Health systems were hit hard because of the pandemic, and the ramifications have not been fully realized. As S&P Ratings notes, “Early 2023 financial results indicate mixed performance as revenues and demand are generally healthy but expenses, both labor and non-labor, remain elevated for many health care providers. Our sector view remains negative.”[9]

Although technically the US has not experienced a recession during this period of disruption, the risk of one occurring is concerning. The likelihood of ongoing operational challenges and general economic malaise continuing remains high whether a technical recession occurs. Health systems’ balance sheets are weaker, profit margins are thinner, and market returns remain volatile, making operators less capable of weathering a broader macroeconomic shock.

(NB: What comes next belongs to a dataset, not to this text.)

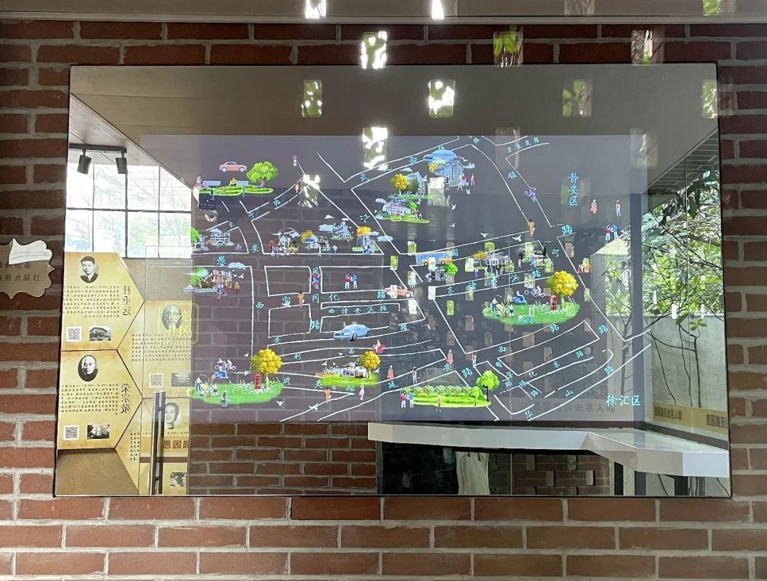 此次更新的一大亮点,在于新增了一个手触镜面数字大屏,镜面屏里有社区内50处历史建筑的文字介绍和音频解说。
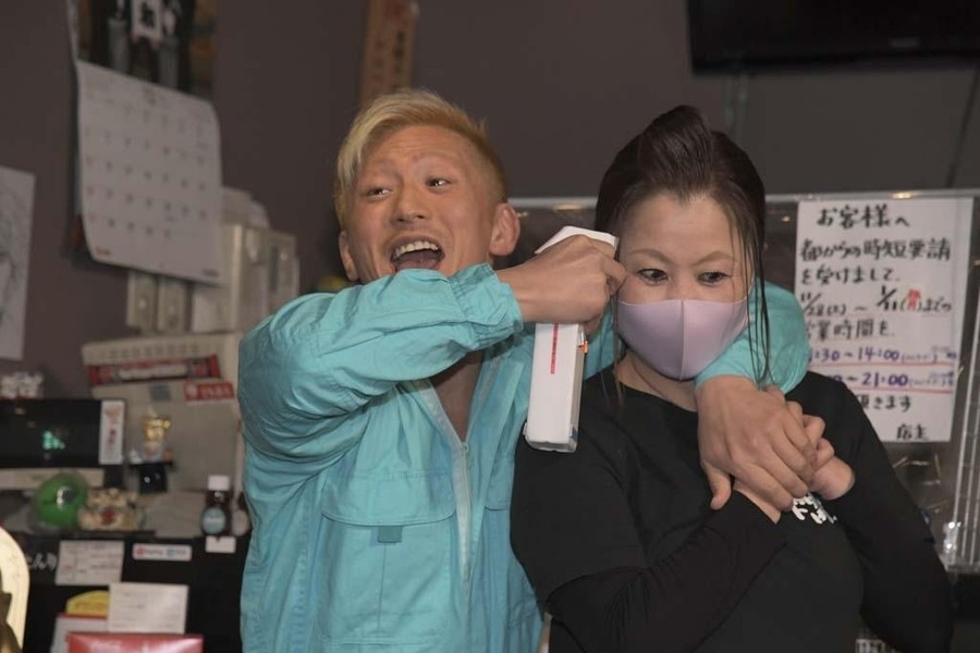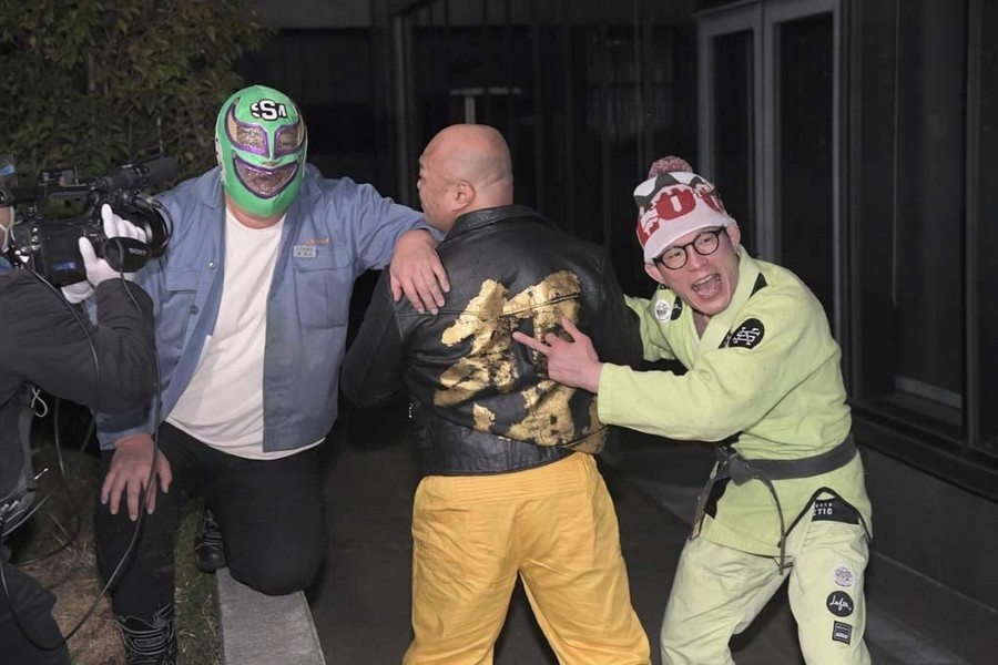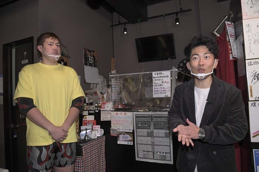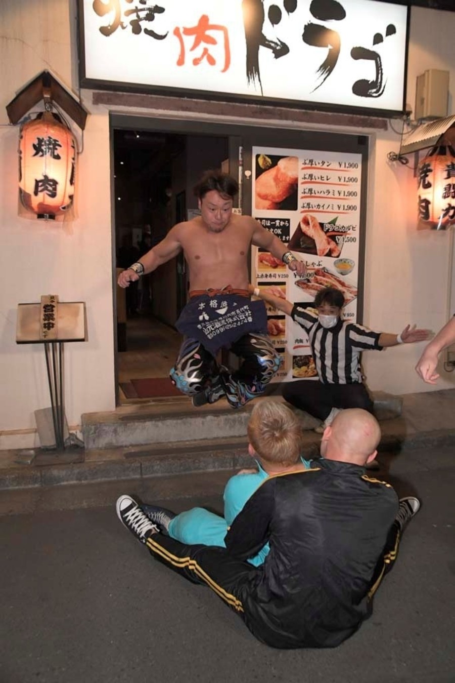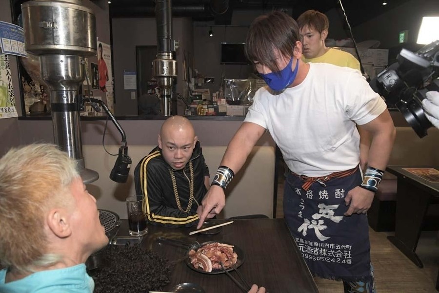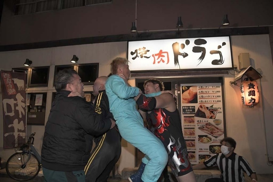 ジャンポケの太田さんが焼肉ドラゴ東京スカイツリー駅前店へ。そこで納谷が太田さんをお出迎え。2人がオススメのお肉を紹介していると、店内で揉め事が。肉に髪の毛が入っていたといちゃもんをつける大石と中村、それに怒った店員のHARASHIMAがTシャツを脱ぎ捨て試合開始のゴング。HARASHIMA&試合を優位に進め、コブラツイスト二重奏を決め勝利も目前。しかしここでなんと大石が店員の女性を人質に取る暴挙。抵抗の出来ないHARASHIMAに中村が焼き網に顔を押し付けようとすると、店の奥から怒りの貴闘力さんが登場。大石に一撃し、中村と共に外に連れ出すと、貴闘力さんと納谷が相手2人をのど輪に捕らえるとぶつけ合わせる合体攻撃。そこにHARASHIMAが店内から蒼魔刀を決めると、大石と中村も返せず3カウント。

Health systems are thus in a unique position in today’s economy. Management teams are dealing with unprecedented levels of financial duress and disruption, but we have yet to see the technical advent of a recession, which will impact the broader US economy in both expected and unexpected ways. Health system management teams need to be nimble and ready for an economic shock that could impose additional strain on their ability to service communities and thrive as leaders of successful enterprises.

Hopefully recent financial challenges caused by the pandemic are a wakeup call or at least solid training ground for a future recession so that management teams are not caught flatfooted. In the end, management teams that have strong boards of trustees, systems, and operating mechanisms in place to weather an economic crisis will be best positioned to grow and succeed.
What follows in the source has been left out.